Худое, осунувшееся лицо налито лимонной желтизной, глаза запали и потускнели, как переспевшие вишни, нос заострился, и скулы стали заметней. Только тугая каштановая коса, уложенная короной, была такой же, как и прежде, но теперь она еще сильней подчеркивала желтизну лица.
— Страшилище. Смотреть противно, — сказала Женя, ставя зеркало на место.
— Все равно, никуда не ходи. Держись! — настаивал Ленька, считавший своим долгом заботиться о ней.
Он изумлялся необычайной стойкости и упорству, какие проявляла Женя, сопротивляясь фашистским приказам, предписывавшим всем идти на работу, и искренне возмущался, когда узнавал, что кто-нибудь из жителей слободки поступал на службу к немцам. Таких он называл предателями.
— Ты прав, — соглашалась Женя. — Лучше уж помереть с голоду или же отравиться, чем идти работать на них и навек себя опозорить.
— Главное, не давай им зацепки, не попадай в облаву, — наставлял Ленька. — А то скажут: больная, а ходит.
Облавы! Последний месяц они устраивались каждую неделю. Шла охота на молодежь — на шахтах и заводах Рура не хватало рабочих рук. Спасаясь от жандармов, парни и девчата прятались за городом в пещерах, в уличных развалинах, перебегали в районы, где облавы уже прошли. И все же многие попадались. Две партии юношей и девушек были насильно увезены в Германию.

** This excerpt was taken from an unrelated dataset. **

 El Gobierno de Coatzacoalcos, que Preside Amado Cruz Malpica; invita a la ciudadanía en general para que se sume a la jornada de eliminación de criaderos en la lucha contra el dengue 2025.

Не брали только больных. Этим Женя и воспользовалась: пила настой из трав и сказывалась больной. Знакомый больничный врач выдал справку о болезни, и это избавило ее от страшной участи попасть в неволю. Эта же справка освобождала от необходимости немедленно поступать на работу, как того требовали оккупанты, грозившие за саботаж расстрелом.

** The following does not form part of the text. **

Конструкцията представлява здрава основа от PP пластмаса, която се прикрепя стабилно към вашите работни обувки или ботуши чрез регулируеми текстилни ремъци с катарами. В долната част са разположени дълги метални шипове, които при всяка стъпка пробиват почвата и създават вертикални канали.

И Женя знала — это не пустая угроза: каждую ночь с балаклавского шоссе доносился зловещий треск автоматов.
Несколько раз уже ее вызывали, на биржу и посылали на работу, но она, предъявив справки врача, добивалась отсрочки. Так тянула она уже несколько месяцев. На бирже относились к ней все недоверчивей и строже. Последний раз немка-переводчица предупредила, что, если через две недели она не выйдет на работу, ее пошлют на переосвидетельствование к немецкому военному врачу. И Женя знала, что за этим последует.
Срок истекал. Она пила зелье, терпеливо перенося тошноты и боли, запасалась новыми медицинскими справками и с гнетущим чувством обреченности ожидала неминуемой развязки.
Приходили подруги проведать, прибегал Ленька, и тогда будто свежий ветер врывался к ней в дом. Ленька как-то особенно умел отвлекать ее от тяжелых докучливых мыслей: он всегда приносил кучу новостей с пристани, со станции и слободки, пел песни, развлекал ее. И сегодня она была рада его появлению.